A former colleague edited a newspaper in Alabama that goofed and referred to Birmingham’s director of public works as the chief of “pubic works.”

All “L” broke loose.

The chagrined editor took an angry call and apologized. A few weeks later, the typo happened again. Now convinced the paper was trying to make a fool of him, the city employee charged into the newsroom threatening violence.

We’ve all seen funny and infuriating mistakes in the paper, but this month Pine Bluff Commercial Managing Editor John Worthen used one to open a dialogue with readers.

In an unusual editor’s note, he said a decimated news workforce makes errors more likely. He discussed cutbacks at the Commercial, owned by Gatehouse Media, which has hundreds of papers nationwide. Coincidentally, Gatehouse announced that same week that it would consolidate seven of its 27 weeklies in Arkansas into two countywide weeklies.

The Maumelle Monitor, Sherwood Voice and Jacksonville Patriot were melded into the North Little Rock Times in Pulaski County, and the Cabot Star-Herald, Lonoke Democrat and Carlisle Independent became the Lonoke County Democrat. Along with the Commercial, Gatehouse owns the Southwest Times Record in Fort Smith and three other Arkansas dailies.

None of that deals specifically with the mistake Worthen made, transposing the name of an animal control director facing charges with the name of a police lieutenant replacing him. But the Gatehouse mergers, made with savings in mind in an ever more digital media industry, reflect the thinking behind cuts that have reduced “dozens of reporters, copy editors, page design specialists and other workers” into a newsroom population of just six at the Commercial.

“Our time is very taxed,” Worthen wrote. While he hates errors and vows to keep them down, Worthen is bothered that readers think “these mistakes happen because we don’t know any better …”
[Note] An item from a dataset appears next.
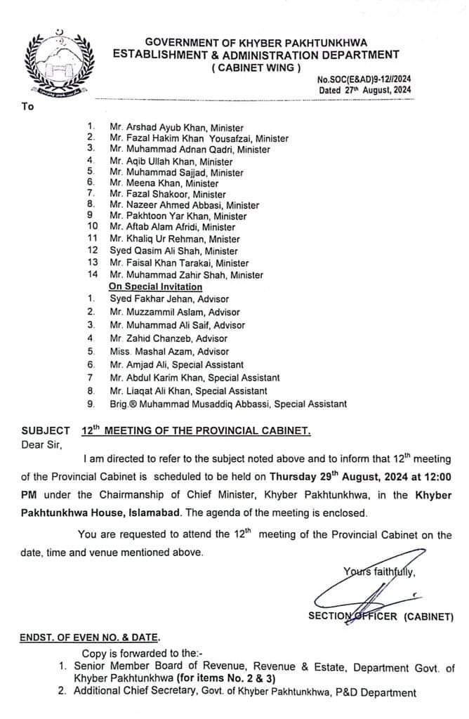 خیبر پختونخوا کی صوبائی کابینہ کا اجلاس 29 اگست کو خیبرپختونخوا ہاوس اسلام آباد میں منعقد ہوگا

“Any errors we make are due to long hours and a short staff, not ignorance,” he wrote. He recalled the days when ranks of copy editors proofed all pages. “Those workers are now long gone.”
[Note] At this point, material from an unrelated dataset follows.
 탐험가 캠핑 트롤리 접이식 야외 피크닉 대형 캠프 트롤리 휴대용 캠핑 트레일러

Worthen told Arkansas Business that his note was a form of community outreach. “People don’t understand the process of putting out a paper, and we wanted to make it clear,” said the 37-year-old editor, who was born in Pine Bluff and raised in Mount Pleasant, Texas. As a journalism student at Henderson State University, he learned the importance of copy editing, the unheralded fact-checking, grammar policing and minutia-tending that was once a specialty at all but the smallest papers. Nowadays, even The New York Times is willing to cause an internal uproar with a memo dismissing “low-value” copy editing.

“It’s an awful trend,” Worthen said. “Nothing should be taken more seriously than copy editing and fact-checking.” But those extra hands aren’t cheap.
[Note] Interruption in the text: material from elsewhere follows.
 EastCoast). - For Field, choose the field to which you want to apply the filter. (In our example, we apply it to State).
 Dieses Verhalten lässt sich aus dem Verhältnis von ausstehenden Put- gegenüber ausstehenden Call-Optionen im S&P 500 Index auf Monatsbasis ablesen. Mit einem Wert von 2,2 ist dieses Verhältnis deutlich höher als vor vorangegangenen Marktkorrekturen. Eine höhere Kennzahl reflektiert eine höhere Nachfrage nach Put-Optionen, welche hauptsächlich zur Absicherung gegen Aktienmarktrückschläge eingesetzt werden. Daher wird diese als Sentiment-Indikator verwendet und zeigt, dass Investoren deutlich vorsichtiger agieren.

“You have to pick your battles,” said Worthen, who became managing editor about a year ago after running the Arkansas Democrat-Gazette’s Pine Bluff bureau for nearly five years. Now that bureau is defunct.

A Wehco Retirement
Speaking of the Democrat-Gazette, its parent company, Wehco Media Inc., announced this month that newspaper division president Jeff Jeffus is retiring after three years in the job and nearly five decades in the industry.

His successor will be Mark Lane, former vice president of sales for Morris Communications, the Georgia company that owns Conway’s Log Cabin Democrat.